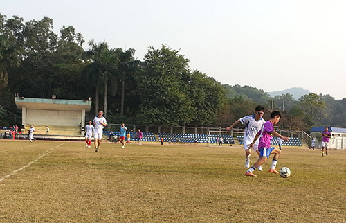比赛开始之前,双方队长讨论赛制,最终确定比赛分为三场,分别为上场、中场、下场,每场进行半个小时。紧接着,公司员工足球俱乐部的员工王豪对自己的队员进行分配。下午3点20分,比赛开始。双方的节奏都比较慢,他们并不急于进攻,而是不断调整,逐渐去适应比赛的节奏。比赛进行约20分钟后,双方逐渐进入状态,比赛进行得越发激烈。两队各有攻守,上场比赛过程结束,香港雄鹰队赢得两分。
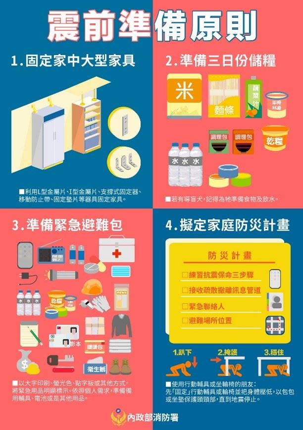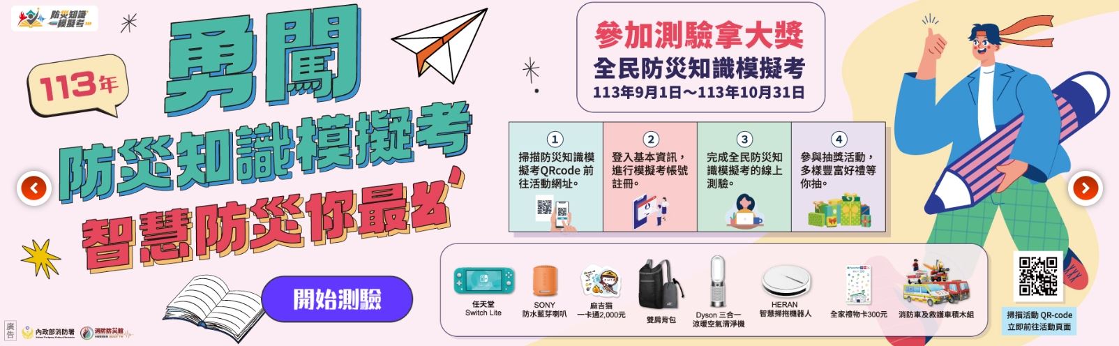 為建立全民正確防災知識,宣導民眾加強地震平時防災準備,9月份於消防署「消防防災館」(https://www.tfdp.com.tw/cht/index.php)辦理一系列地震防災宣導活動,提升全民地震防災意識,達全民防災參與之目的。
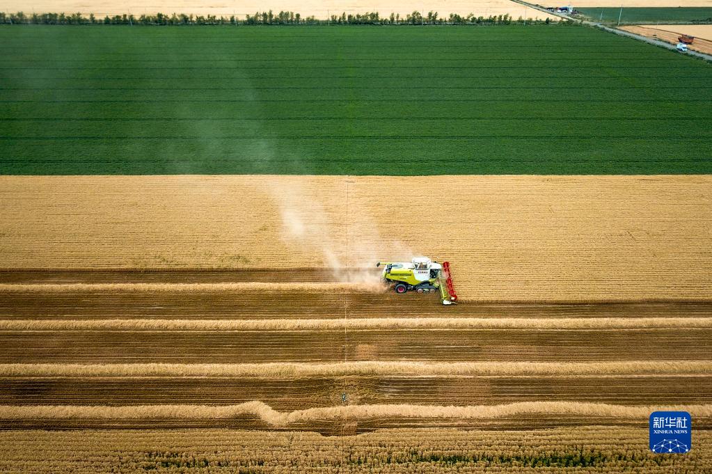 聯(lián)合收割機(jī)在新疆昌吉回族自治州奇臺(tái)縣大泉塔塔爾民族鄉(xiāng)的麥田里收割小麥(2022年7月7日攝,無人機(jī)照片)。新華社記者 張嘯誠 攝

INSTRUCTIONS FOR THE TASK: In your copy of the material, match every word exactly and include no pictures.

WORKED SOLUTION:
比赛开始之前,双方队长讨论赛制,最终确定比赛分为三场,分别为上场、中场、下场,每场进行半个小时。紧接着,公司员工足球俱乐部的员工王豪对自己的队员进行分配。下午3点20分,比赛开始。双方的节奏都比较慢,他们并不急于进攻,而是不断调整,逐渐去适应比赛的节奏。比赛进行约20分钟后,双方逐渐进入状态,比赛进行得越发激烈。两队各有攻守,上场比赛过程结束,香港雄鹰队赢得两分。
 為建立全民正確防災知識,宣導民眾加強地震平時防災準備,9月份於消防署「消防防災館」(https://www.tfdp.com.tw/cht/index.php)辦理一系列地震防災宣導活動,提升全民地震防災意識,達全民防災參與之目的。
 聯(lián)合收割機(jī)在新疆昌吉回族自治州奇臺(tái)縣大泉塔塔爾民族鄉(xiāng)的麥田里收割小麥(2022年7月7日攝,無人機(jī)照片)。新華社記者 張嘯誠 攝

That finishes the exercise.